I put the list in my shirt pocket, and when I got back to the cottage, I tacked it to the corkboard above the telephone in the kitchen.
Time May Be Going Not in a Straight Line
I CONTINUE TO ORGANIZE and file Elizabeth’s notes; I want them all readily available should she request something. Just this morning I found notes marked “Test of Courage,” which included the following passage from The Victorian Chaise-Longue:
Time may be going not in a straight line but in all directions and in no direction, and God may have changed the universe so that it is my body that lies here and no dream, or not my body and still a dream from which I shall be freed.

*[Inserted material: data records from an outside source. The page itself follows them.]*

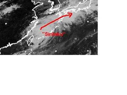 Der Taifun 'Sinlaku' befindet sich auf dem Satellitenbild von Montag früh nördlich von Taiwan. Zurzeit erreicht er mittlere Windgeschwindigkeiten von 120, in Böen 148km/h. Berechnungen zufolge soll er sich nur leicht abschwächen und in nordöstlicher Richtung südlich an Japan vorbeiziehen. Sein Endziel ist aber noch unklar. (Bildquelle: NERC Satellite Receiving Station, Dundee University, Scotland, http://www.sat.dundee.ac.uk/)
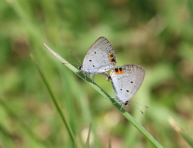 自然共生サイトのシンボル的なシジミチョウ.秋にだけ成虫が出現し,シバハギだけを食草とする珍しいチョウで,一年間のほとんどの期間を幼虫で過ごす.ツバメシジミと混生するので見分けるには注意が必要.自然共生サイトを含む宮崎市南部で保全活動が行われている.
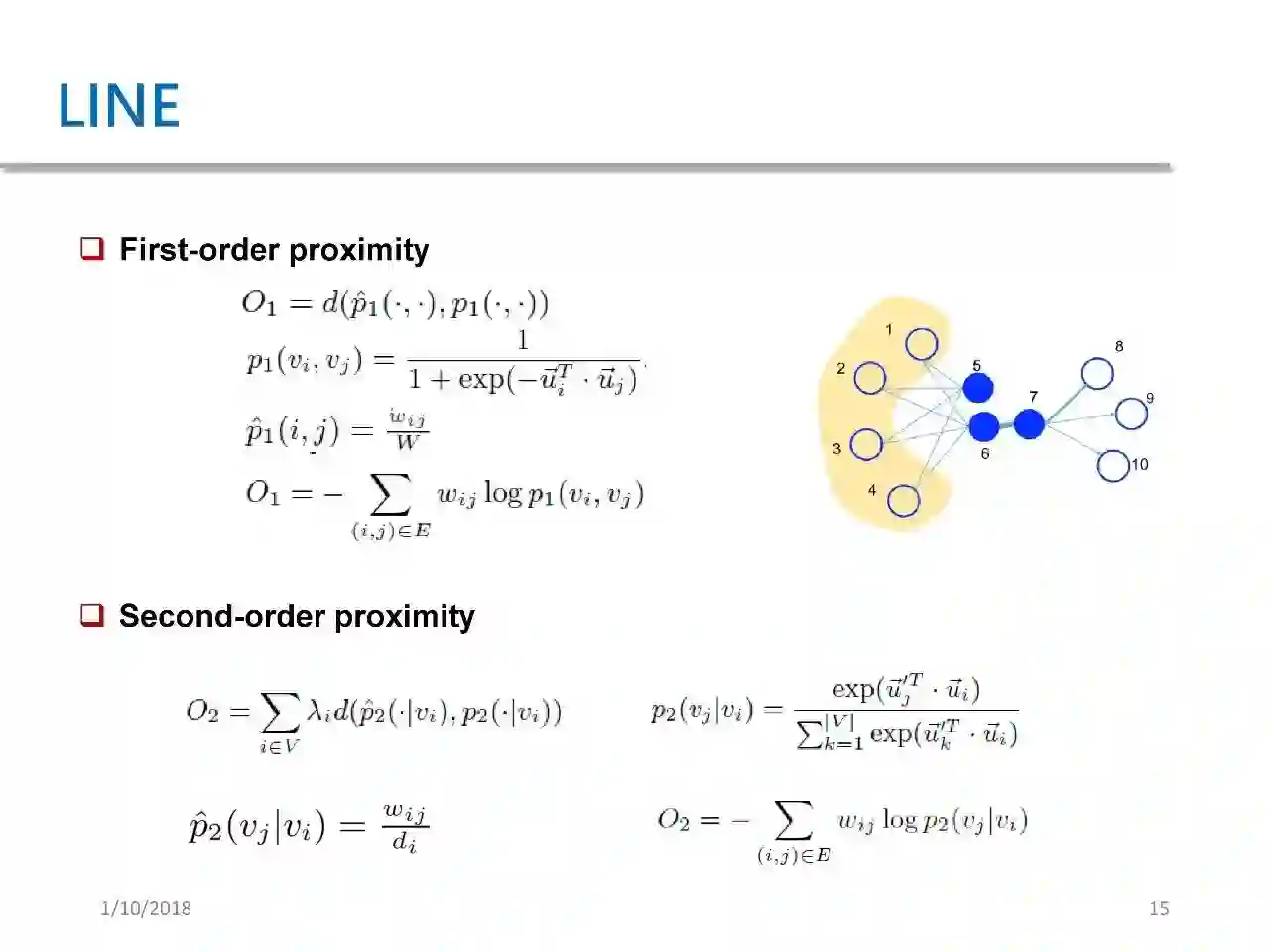 LINE 的全称是 Large-scale Network Information Embedding。这篇文章发表于 WWW 15。这个工作属于我们之前提到的自定义损失函数,因为它定义了两种损失函数,一种是一阶的临近关系,另一种是二级临近关系。

The test of courage is still valid, said her conscience, you must know, you must look. So she lifted her head and looked down at her body.
There, framed by the crumpled clothes, set on ribs barely covered with skin, rose two small breasts. My breasts? cried Melanie, or not my breasts? Dare I touch them, these breasts that may be mine and alive, or will they crumble, will they rot if I touch them with my living hands, my hands on long-dead breasts? These are whiter than mine, she said, smaller, sadder than mine, and in a convulsive movement she laid her hands beneath them and they did not rot, small hot living breasts, and, pulsing through them, the too-fast-beating heart.
One night in the Essex Hotel, Elizabeth came to bed quite late but I was still awake, reading, which book I can’t recall. “What I love most deeply about Marghanita Laski’s novel,” she said, “is how you discover the relationship between unforeseen psychological incidents and the memories they cause, and how Melanie finally realizes what is happening to her. It’s all so upsetting and so exciting and so strange. Some days, it’s like I live in this book and at night I visit us here in the hotel. Do I seem locatable to you, darling? Am I all present and accounted for? Because if I’m not, I’ll toss this goddamn novel in the trash and do something else. I want to be here with you. With us. Am I?”
“You can’t get through this dissertation, Elizabeth, without being preoccupied. You want to teach at university. How else can you go about things but the way you’re already doing?”